For instance, AD RMS can be used if someone sends an e-mail with a Word document attached that has sensitive information. The sender of the e-mail might want to send it to a group of people but wants to ensure that they do not pass it on to someone who does not have permission to view the document. The sender can go inside Microsoft Outlook Web services, create a new e-mail and set permissions that restrict use of the document and manage credentials, Adams said.  

The sender has control to give read-only privileges or allow people to forward to a particular group inside Active Directory and even encrypt the document. If the recipient of the e-mail can’t authenticate who they are, he or she cannot open the document. Microsoft’s rights management service has been integrated with Microsoft Office 365, the company’s cloud platform that incorporates desktop Office software and server software, such as Exchange and SharePoint.

Adobe's approach

Adobe Systems also has moved enterprise rights management into the cloud. No stranger to document security, the company offers rights management to organizations on premises or through a partnership with Amazon Elastic Compute Cloud. ERM can also be offered as a managed service, said John Landwehr, senior director of enterprise security solutions at Adobe.

Adobe supports a range of technologies to secure documents and help users authenticate electronic communications, such as Federal Information Processing Standard-certified encryption, digital signatures, certified documents, public key infrastructure and smart cards.

For example, the Government Printing Office publishes documents as certified PDFs. A blue ribbon shows up across the top of the document stating that the document has been certified by the Superintendent of Documents, so people know it comes from the government and has not been altered.

If the document is altered, the blue ribbon changes to red, Landwehr said.

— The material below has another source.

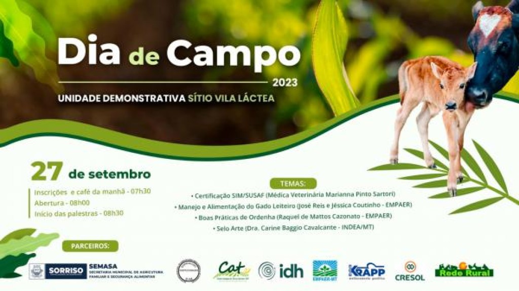 O Dia de Campo Unidade Demonstrativa Sítio Via Láctea conta com apoio do Clube Amigos da Terra (CAT), Empresa Mato-grossense de Pesquisa, Assistência e Extensão Rural (Empaer), IDH Transforming Markets, Krapp Melhoramento Genético, Cooperativa Cresol e da Rede Rural Distribuidora.

Adobe ERM provides a layer of protection that is different from how encryption is traditionally implemented, he said. Content is typically put in an encrypted envelope, and the recipient of the document uses a decrypt key to open the envelope. The contents are then in plain text, open for any to see or pass on.

With ERM that uses internal document encryption, there aren’t any unprotected copies. The encryption is inside the file format. Just like a certifying signature, security sticks to the document, Landwehr noted.

Adobe ERM can be deployed three different ways: on premises at an agency or organization; in the cloud, while everything else is on premises; or via rights management and a data storage portal that can be in separate clouds.

David Fletcher, CTO of Utah, which is poised to offer IT services via the cloud to local municipalities throughout the state, said organizations “need to have a data classification system in place that enables them to support role-based authentication.”

“With that in place, we can impose whatever level of security is necessary, regardless of whether the data is stored in the cloud or not,” he said.

“Many cloud technologies are still relatively new and emerging,” Fletcher said. “We are still in the process of updating our overall authentication and security model as it applies to cloud, but there are many promising technologies that we are looking at as we update our standards.”